Inactivation by sequence-specific methylations of adenovirus promoters in a cell-free transcription system

Abstract

Studies on the biochemical mechanism of promoter inhibition or inactivation by sequence-specific promoter methylations necessitated the development of a cell-free transcription system that responded to in vitro promoter methylations. Such systems were hitherto not available. In nuclear extracts from HeLa cells, the activities of two adenovirus type 2 promoters in the nonmethylated and methylated forms were compared. The late E2A promoter in vitro methylated at three 5'-CCGG-3' (HpaII) sequences at nucleotides -215, +6, and +24, or the major late promoter in vitro methylated at nucleotide -52 in the 5'-CCGG-3' sequence or at nucleotide -13 in the 5'-GCGC-3' (HhaI) sequence exhibited strikingly lower activities than did the nonmethylated constructs or exhibited no activity at all. The designated nucleotide positions were calculated relative to the cap sites of the two promoters. Upon in vitro transcription, the methylation pattern of the E2A late promoter was shown to be stable. For the inhibitory effects by sequence-specific methylations to be elicited, circular templates had to be used, the DNA titers had to be at critical levels for each extract, and high protein concentrations had to be maintained.

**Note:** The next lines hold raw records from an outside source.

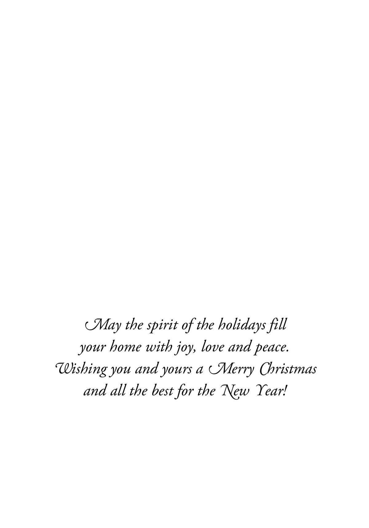May the spirit of the holidays fill your home with joy, love and peace. Wishing you and yours a Merry Christmas and all the best for the New Year! |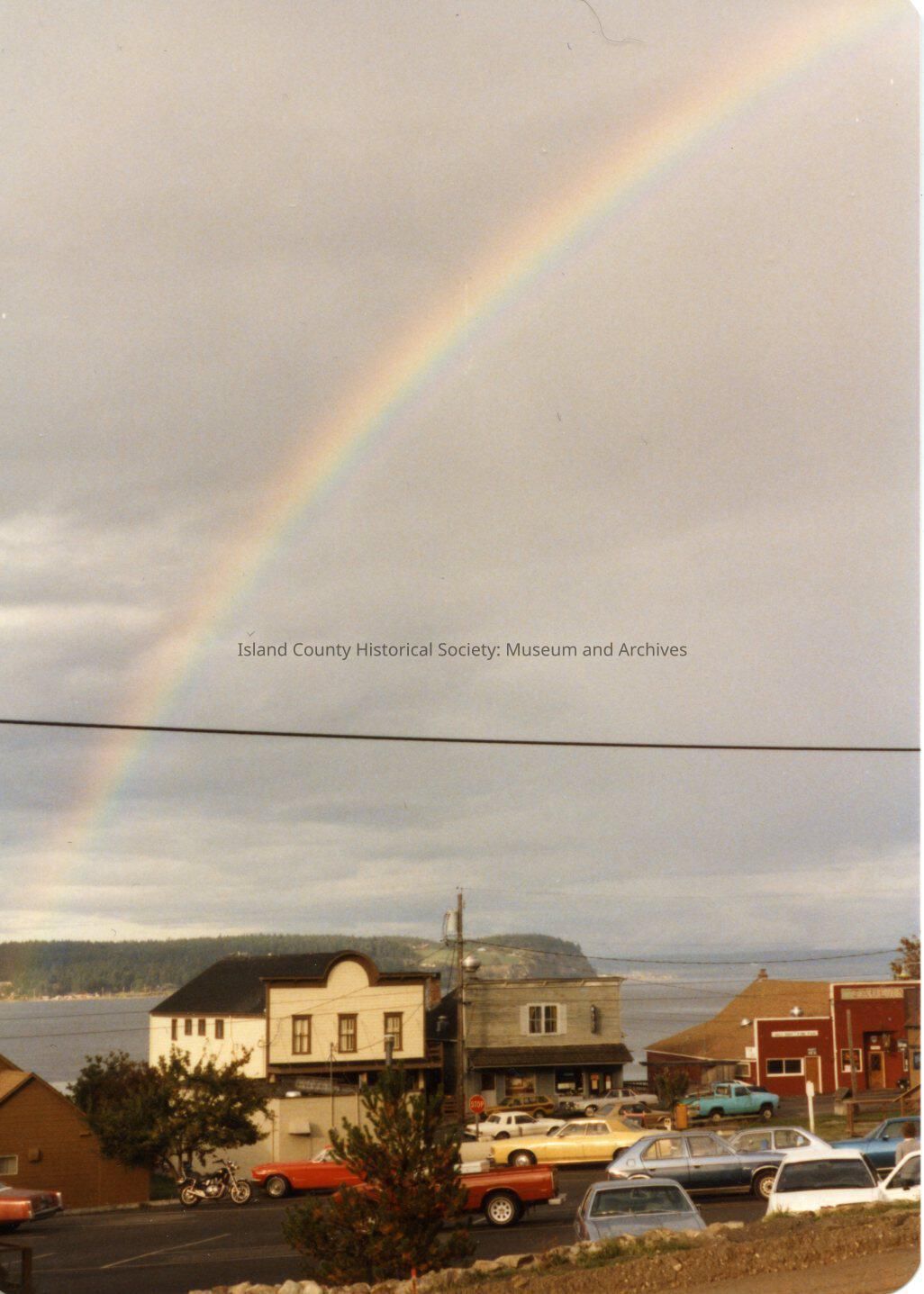 Color photo of rainbow above Penn Cove and Front Street in Coupeville. Taken from Coveland St. looking across Rec Hall parking lot. Toby's Tavern, cafe, and antique store. Photo print date of Jan. 1985 on back.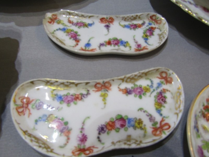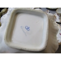 One handled dish with hairline crack and rim chips. One square dish with rim chip. One small dish with rim chips. All other pieces in good condition. See photos.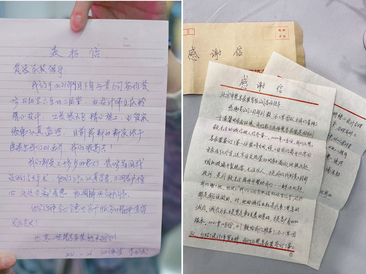 每個月都會收到業主朋友送的錦旗與感謝信…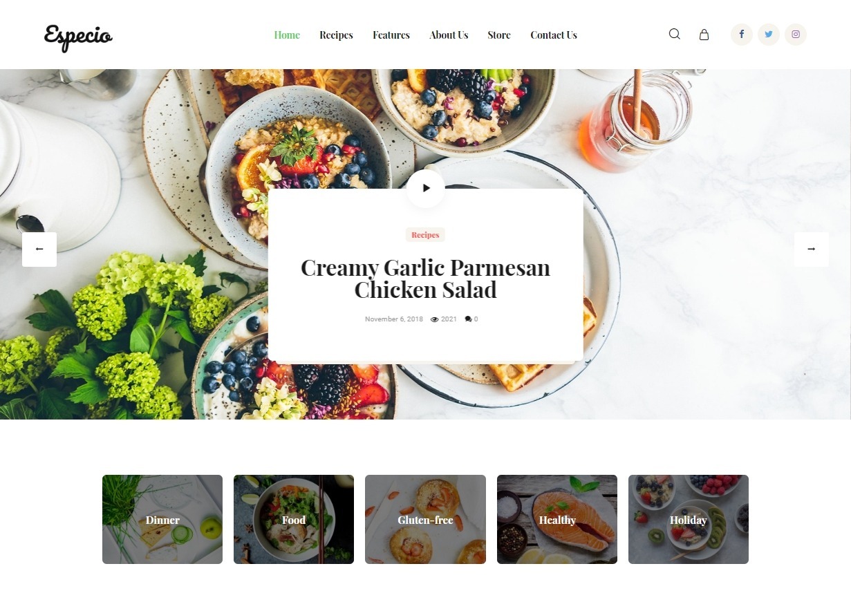 Especio Food Gutenberg Theme for Healthy Lifestyle Blogs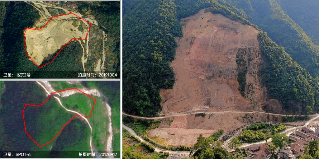 村民提供的老照片及卫星图片显示,直到2018年,这片山地还覆满绿色植被,山间道路通畅。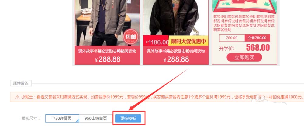 3、在搭配套餐設置頁面選擇【創建套餐】標簽,進入新搭配套餐設置頁面。在該頁面可以預覽搭配套餐的效果,在【屬性設置】模塊,根據搭配套餐投放的位置,選擇套餐模板的尺寸。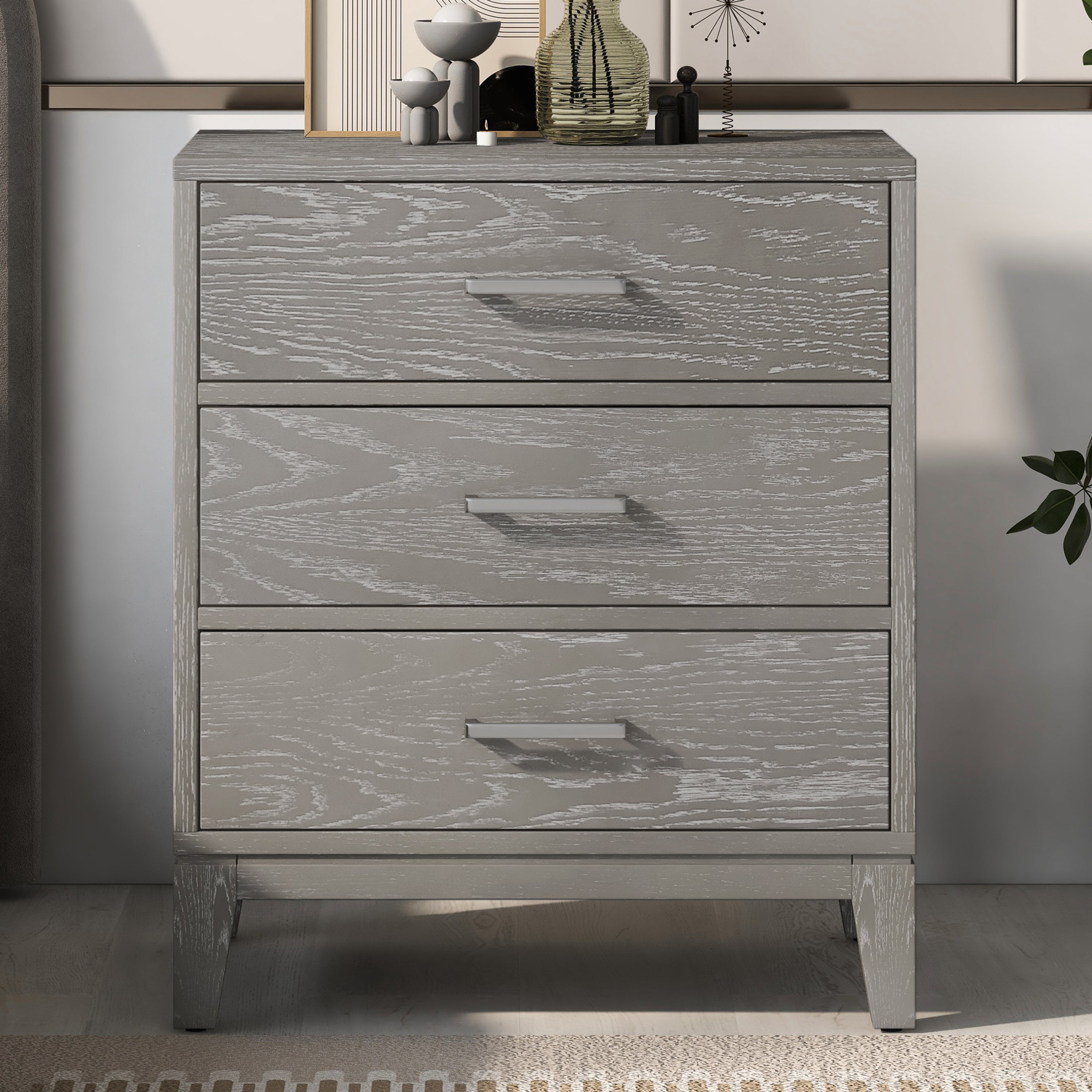 Versatile Design: Add modern sophistication to your decor with the weathered gray finish and stainless-steel metal handles of this versatile dresser.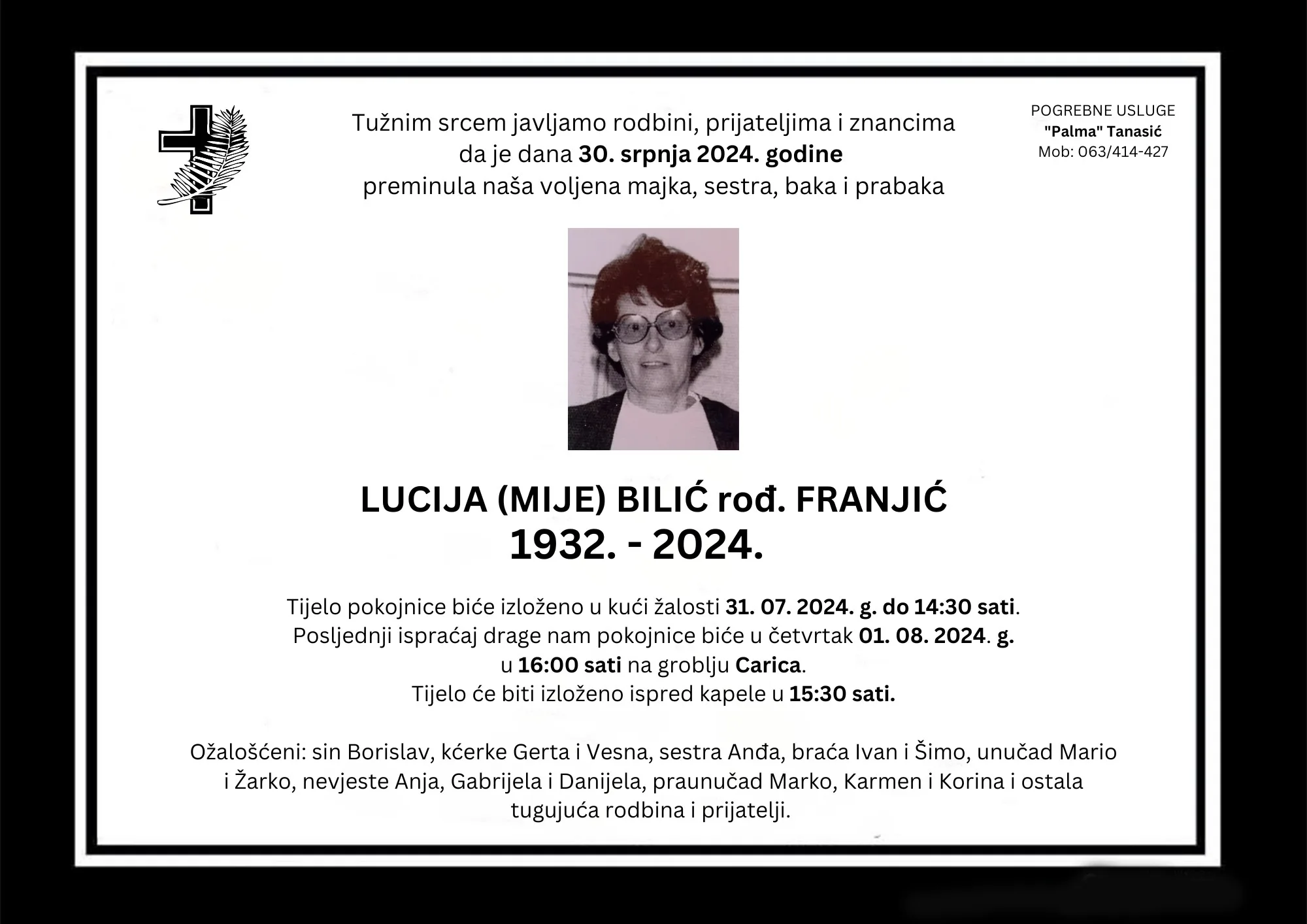 Tužnim srcem javljamo rodbini, prijateljima i znancima da je dana 30. srpnja 2024. godine preminula LUCIJA (MIJE) BILIĆ rođ. FRANJIĆ u svojoj 92. godini života.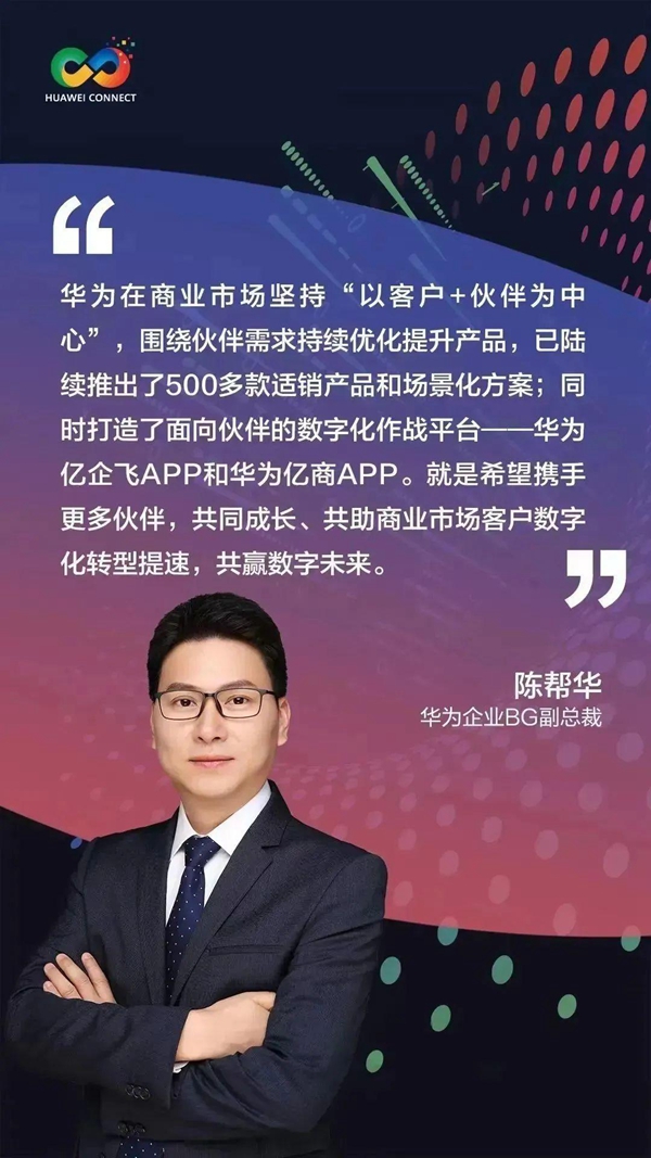 對(duì)此,陳幫華表示,華為在商業(yè)市場(chǎng)堅(jiān)持“以客戶+伙伴為中心”,圍繞伙伴需求持續(xù)優(yōu)化提升產(chǎn)品,已陸續(xù)推出了500多款適銷產(chǎn)品和場(chǎng)景化方案;同時(shí)打造了面向伙伴的數(shù)字化作戰(zhàn)平臺(tái)——華為億企飛APP和華為億商APP。就是希望攜手更多伙伴,共同成長(zhǎng)、共助商業(yè)市場(chǎng)客戶數(shù)字化轉(zhuǎn)型提速,共贏數(shù)字未來(lái)。
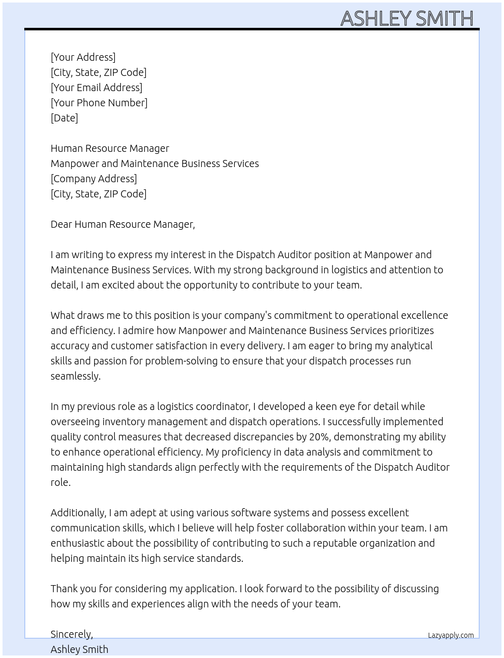 Dispatch auditor Cover Letter At Manpower and maintenance business services

When a template mixture of the nonmethylated major late promoter and the 5'-CCGG-3' methylated late E2A promoter of adenovirus type 2 DNA was used, the major late promoter was active and the methylated late E2A promoter was inhibited or inactivated. Activity levels of the two different promoters could be assessed simultaneously in the same assay due to differences in lengths between the products of transcription from the late E2A and major late promoters. Thus inhibition in the cell-free system could be proven to be specific for the methylated promoter. We are currently pursuing the hypothesis that cellular factors are crucial in recognizing methylated promoters and somehow participate in their inactivation.